3. Frekuensi siklus tegangan
Pengaruh frekuensi siklus tegangan terhadap umur fatik
untuk berbagai jenis logam umumnya tidak ada, meskipun
penurunan frekuensi biasanya menurunkan umur fatik. Efek ini
bertambah bila temperatur uji fatik kita naikkan bila umur fatik
cenderung bergantung pada waktu uji seluruhnya dan tidak pada
jumlah siklus.
4. Lingkungan .
Fatik yang terjadi didalam lingkungan korosif biasanya
disebut fatik korosi. Telah diketahui bahwa kikisan korosi oleh
media cair dapat menimbulkan lubang – lubang etsa yang
bersifat sebaga tekuk. Akan tetapi bila mana serangan korosi
terjadi secara serentak bersamaan dengan pembebanan fatik
efek perusakan jauh lebih besar dibandingkan dari efek tekuk
semata.
. BAB V
PENUTUP
5.1 Kesimpulan
Adapun kesimpulan yang dapat diberikan adalah sebagai berikut :
1. Rata – rata nilai kekerasan rockwell pada berbagai specimen :
a. Amutit:
b. VCL:
c. VCN:
d.

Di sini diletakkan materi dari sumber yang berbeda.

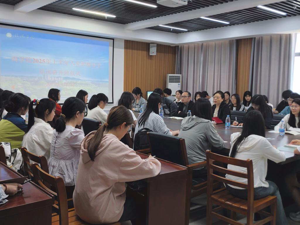 党总支书记胡秀云同志为本次入党积极分子培训班作开班辅导报告,并向全体学员提出三点深情厚望:一要以高度的责任感珍惜此次培训机会,始终保持勤学善思的态度,深入钻研党的理论知识,力求学有所思、学有所获、学以致用;二要始终坚守初心,持续端正入党动机,把对党的忠诚与信仰融入日常学习生活,不断提升党性修养,做一名有理想、有道德、有文化、有纪律的共产主义接班人;三要厚植家国情怀,坚定理想信念,将个人理想与国家发展大局紧密相连,积极投身科技创新、志愿服务等实践活动,在实干中锤炼过硬本领,争取早日成为一名光荣的共产党员,为实现中华民族伟大复兴的中国梦贡献自己的青春力量。

S45C:
2. Metode rockwell lebih mudah digunakan dari pada metode brinell
karena pada metode rockwell hasil langsung dapat diketahui.
3. Besarnya beban yang diberikan mempengaruhi nilai kekerasan
material.
4. Besarnya beban yang diberikan mempengaruhi nilai kekerasan suatu
material, semakin besar beban maka diameter cekungan semakin
lebar sehingga nilai kekerasanya akan semakin kecil.
5.2 Saran
Adapun saran yang diberikan setelah praktikum adalah sebagai berikut :
1. Sebaiknya gunakanlah jas laboratorium sebelum memasuki
ruangan laboratorium.
2. Pahami apa saja yang dijelaskan oleh asisten laboratorium dan
catatlah bila itu penting.
3. Jangan pernah bermain - main dalam melakukan praktikum.
4. Untuk percobaan pengujian kekerasan yang selanjutnya diharapkan
memperhatikan waktu dan cara pengoprerasian alat sebab kesalahan
pengoperasian dapat menyebabkan data yang kita ambil tidak akurat.
5. Specimen yang akan kita ukur diameternya melalui mikroskop
pastikan permukaannya halus sehingga mudah untuk kita
menentukan diameter cekungan dari cekungan yang kita uji.